Task:
All of the data should be output character for character, except the pictures.

Collection entries:

::::

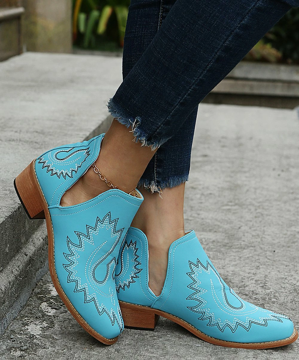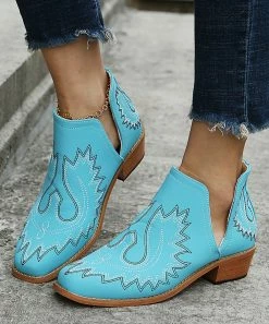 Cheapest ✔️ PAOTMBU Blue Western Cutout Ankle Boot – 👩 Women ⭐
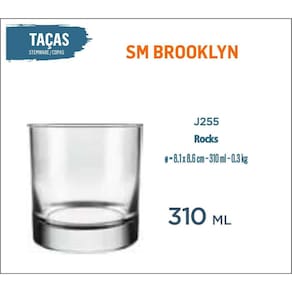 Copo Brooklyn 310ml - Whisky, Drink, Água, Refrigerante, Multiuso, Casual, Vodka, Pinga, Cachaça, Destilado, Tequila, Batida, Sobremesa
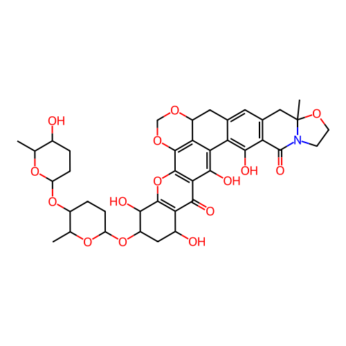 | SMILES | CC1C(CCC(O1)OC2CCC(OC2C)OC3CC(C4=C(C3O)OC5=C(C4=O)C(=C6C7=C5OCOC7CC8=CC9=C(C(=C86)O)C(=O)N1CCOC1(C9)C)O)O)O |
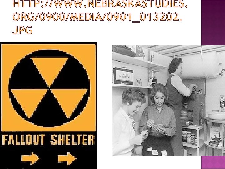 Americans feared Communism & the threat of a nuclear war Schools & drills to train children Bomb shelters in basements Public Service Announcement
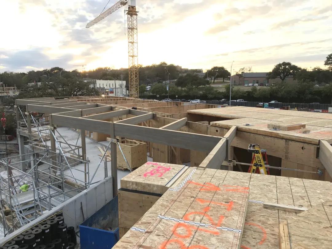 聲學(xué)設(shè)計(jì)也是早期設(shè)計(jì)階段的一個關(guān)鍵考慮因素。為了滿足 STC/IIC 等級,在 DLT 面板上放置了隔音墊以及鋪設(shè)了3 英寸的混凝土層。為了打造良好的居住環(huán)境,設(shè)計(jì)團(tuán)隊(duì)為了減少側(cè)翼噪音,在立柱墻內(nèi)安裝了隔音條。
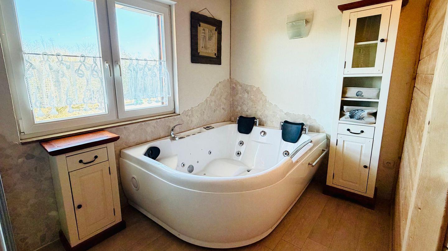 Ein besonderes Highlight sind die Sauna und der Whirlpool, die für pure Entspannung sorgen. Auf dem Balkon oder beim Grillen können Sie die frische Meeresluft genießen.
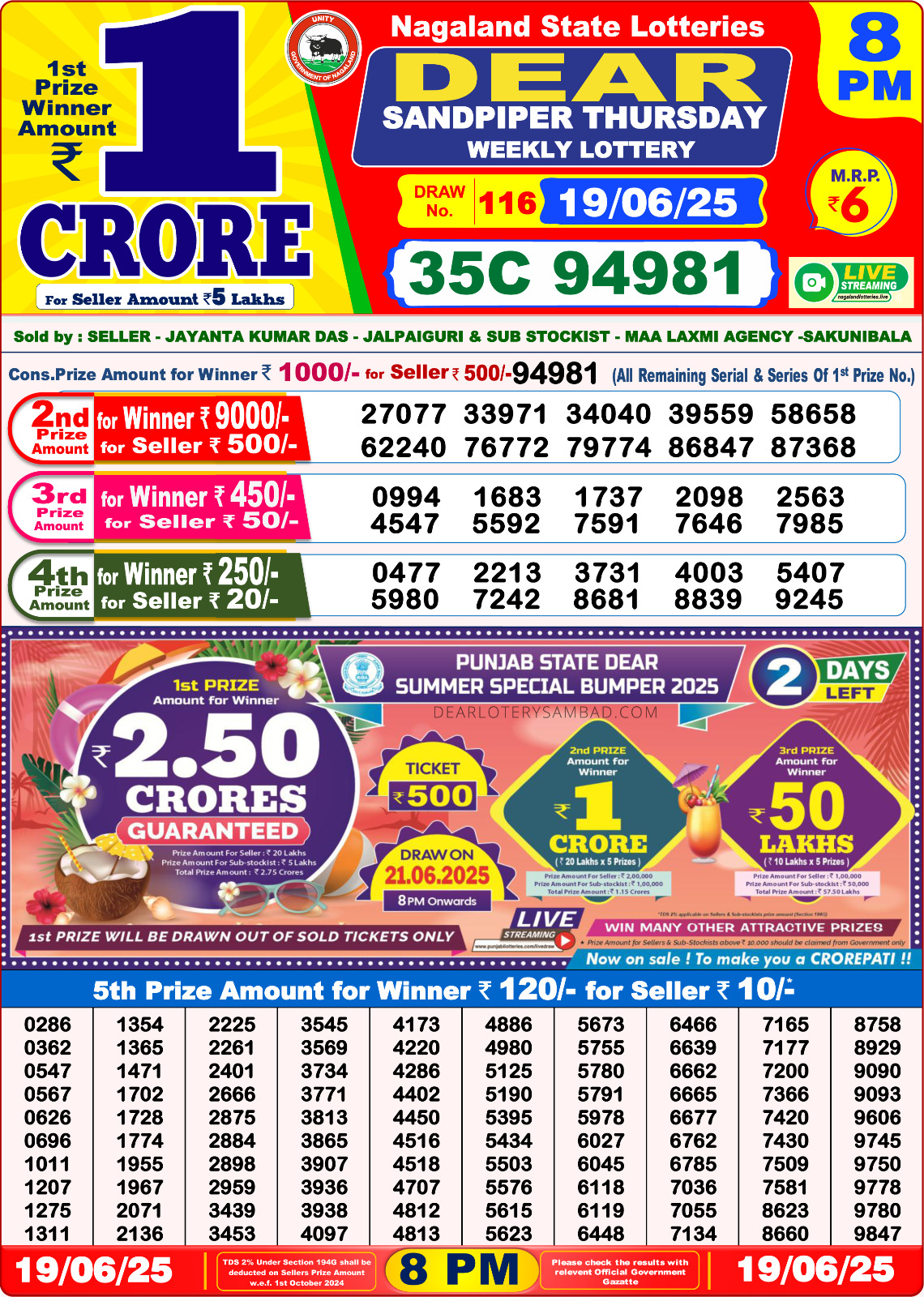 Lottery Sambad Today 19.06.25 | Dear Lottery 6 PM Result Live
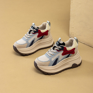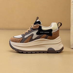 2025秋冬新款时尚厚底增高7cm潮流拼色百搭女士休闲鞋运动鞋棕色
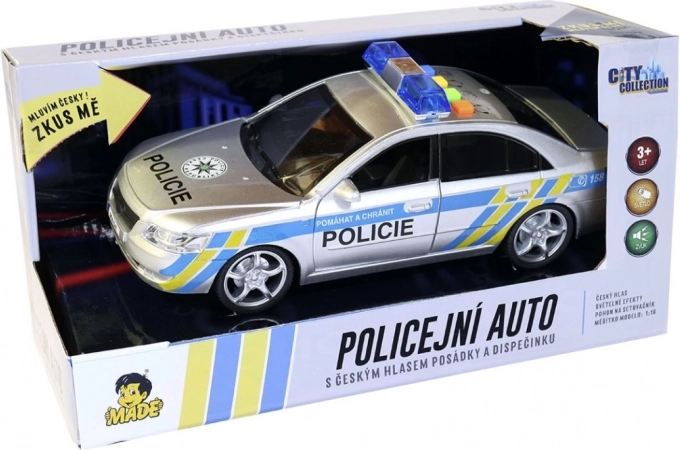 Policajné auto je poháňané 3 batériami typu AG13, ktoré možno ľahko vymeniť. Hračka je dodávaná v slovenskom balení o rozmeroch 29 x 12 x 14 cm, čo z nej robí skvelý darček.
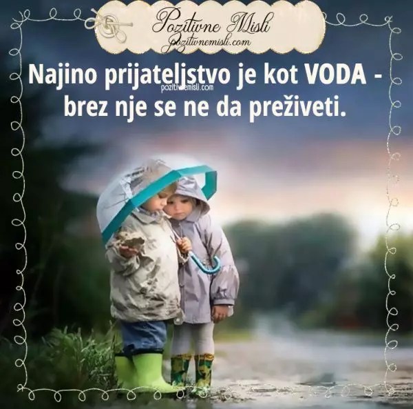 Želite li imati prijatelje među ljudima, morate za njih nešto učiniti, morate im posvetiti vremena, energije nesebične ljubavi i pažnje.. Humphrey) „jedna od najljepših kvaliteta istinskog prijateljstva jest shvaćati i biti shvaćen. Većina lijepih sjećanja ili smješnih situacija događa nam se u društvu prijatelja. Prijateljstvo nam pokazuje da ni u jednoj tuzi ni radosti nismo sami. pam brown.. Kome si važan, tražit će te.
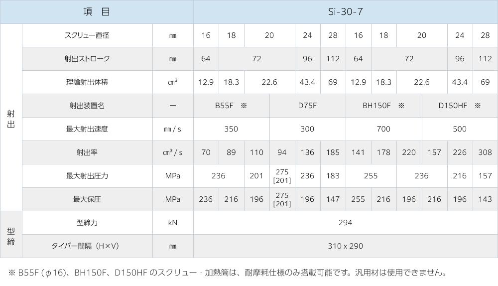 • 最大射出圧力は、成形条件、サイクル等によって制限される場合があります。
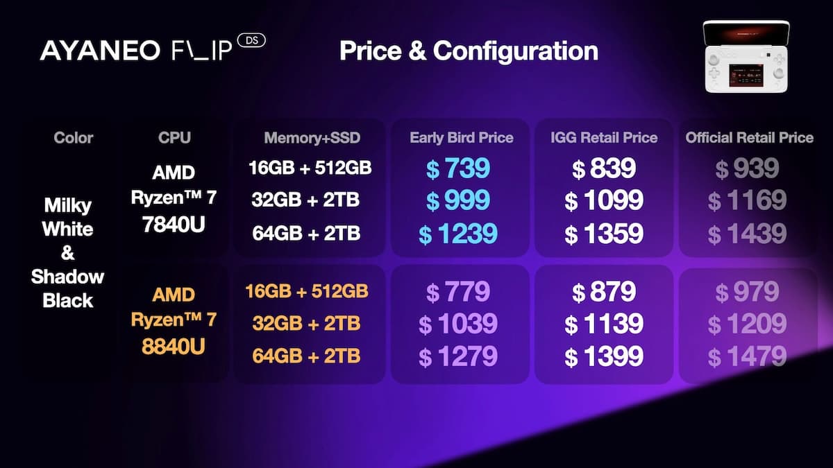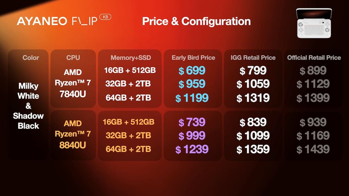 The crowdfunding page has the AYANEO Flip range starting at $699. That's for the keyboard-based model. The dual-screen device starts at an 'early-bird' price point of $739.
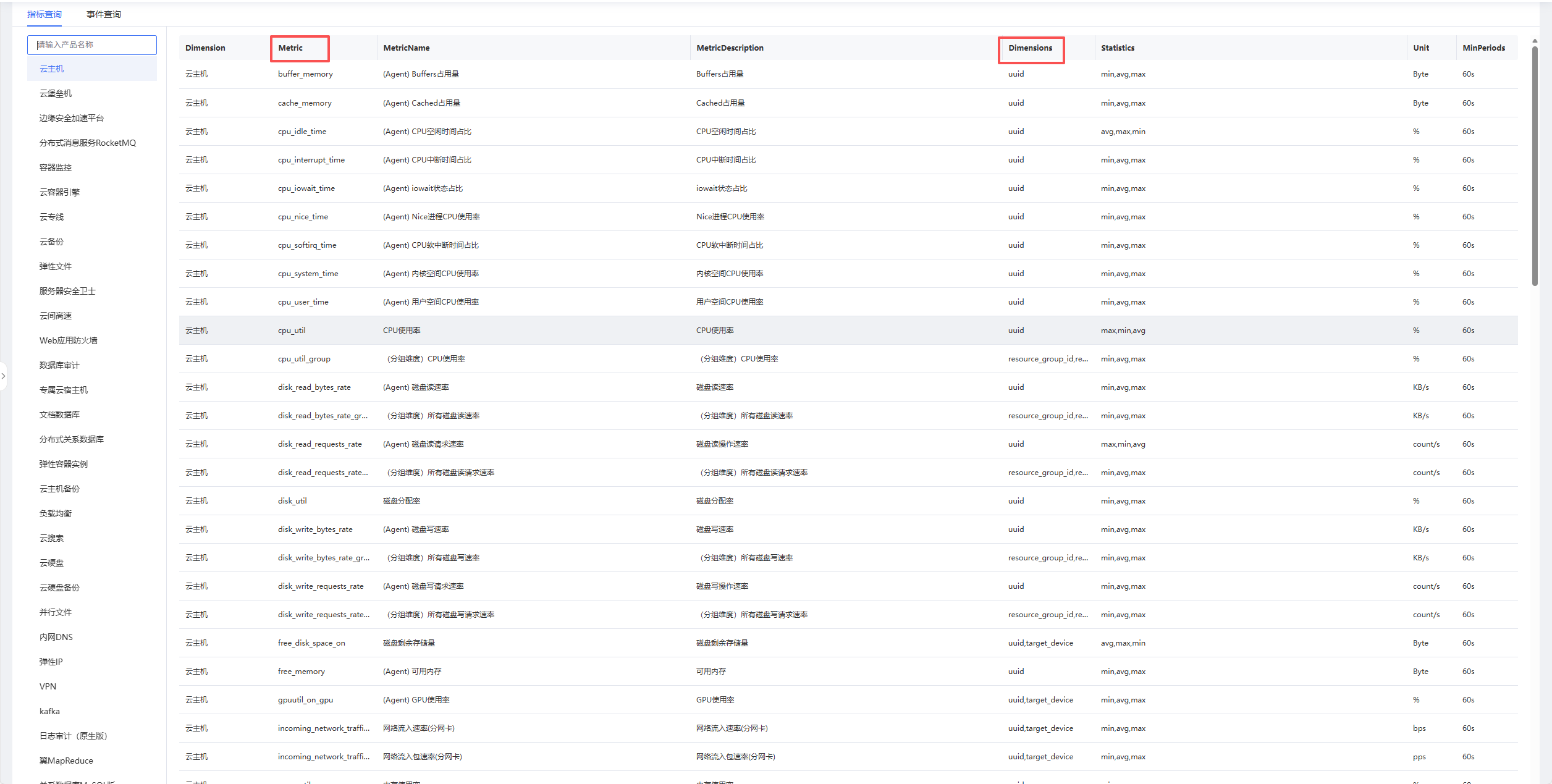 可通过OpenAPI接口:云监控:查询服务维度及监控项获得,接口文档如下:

::::

Task result:
 Cheapest ✔️ PAOTMBU Blue Western Cutout Ankle Boot – 👩 Women ⭐
 Copo Brooklyn 310ml - Whisky, Drink, Água, Refrigerante, Multiuso, Casual, Vodka, Pinga, Cachaça, Destilado, Tequila, Batida, Sobremesa
 | SMILES | CC1C(CCC(O1)OC2CCC(OC2C)OC3CC(C4=C(C3O)OC5=C(C4=O)C(=C6C7=C5OCOC7CC8=CC9=C(C(=C86)O)C(=O)N1CCOC1(C9)C)O)O)O |
 Americans feared Communism & the threat of a nuclear war Schools & drills to train children Bomb shelters in basements Public Service Announcement
 聲學(xué)設(shè)計(jì)也是早期設(shè)計(jì)階段的一個關(guān)鍵考慮因素。為了滿足 STC/IIC 等級,在 DLT 面板上放置了隔音墊以及鋪設(shè)了3 英寸的混凝土層。為了打造良好的居住環(huán)境,設(shè)計(jì)團(tuán)隊(duì)為了減少側(cè)翼噪音,在立柱墻內(nèi)安裝了隔音條。
 Ein besonderes Highlight sind die Sauna und der Whirlpool, die für pure Entspannung sorgen. Auf dem Balkon oder beim Grillen können Sie die frische Meeresluft genießen.
 Lottery Sambad Today 19.06.25 | Dear Lottery 6 PM Result Live
 2025秋冬新款时尚厚底增高7cm潮流拼色百搭女士休闲鞋运动鞋棕色
 Policajné auto je poháňané 3 batériami typu AG13, ktoré možno ľahko vymeniť. Hračka je dodávaná v slovenskom balení o rozmeroch 29 x 12 x 14 cm, čo z nej robí skvelý darček.
 Želite li imati prijatelje među ljudima, morate za njih nešto učiniti, morate im posvetiti vremena, energije nesebične ljubavi i pažnje.. Humphrey) „jedna od najljepših kvaliteta istinskog prijateljstva jest shvaćati i biti shvaćen. Većina lijepih sjećanja ili smješnih situacija događa nam se u društvu prijatelja. Prijateljstvo nam pokazuje da ni u jednoj tuzi ni radosti nismo sami. pam brown.. Kome si važan, tražit će te.
 • 最大射出圧力は、成形条件、サイクル等によって制限される場合があります。
 The crowdfunding page has the AYANEO Flip range starting at $699. That's for the keyboard-based model. The dual-screen device starts at an 'early-bird' price point of $739.
 可通过OpenAPI接口:云监控:查询服务维度及监控项获得,接口文档如下:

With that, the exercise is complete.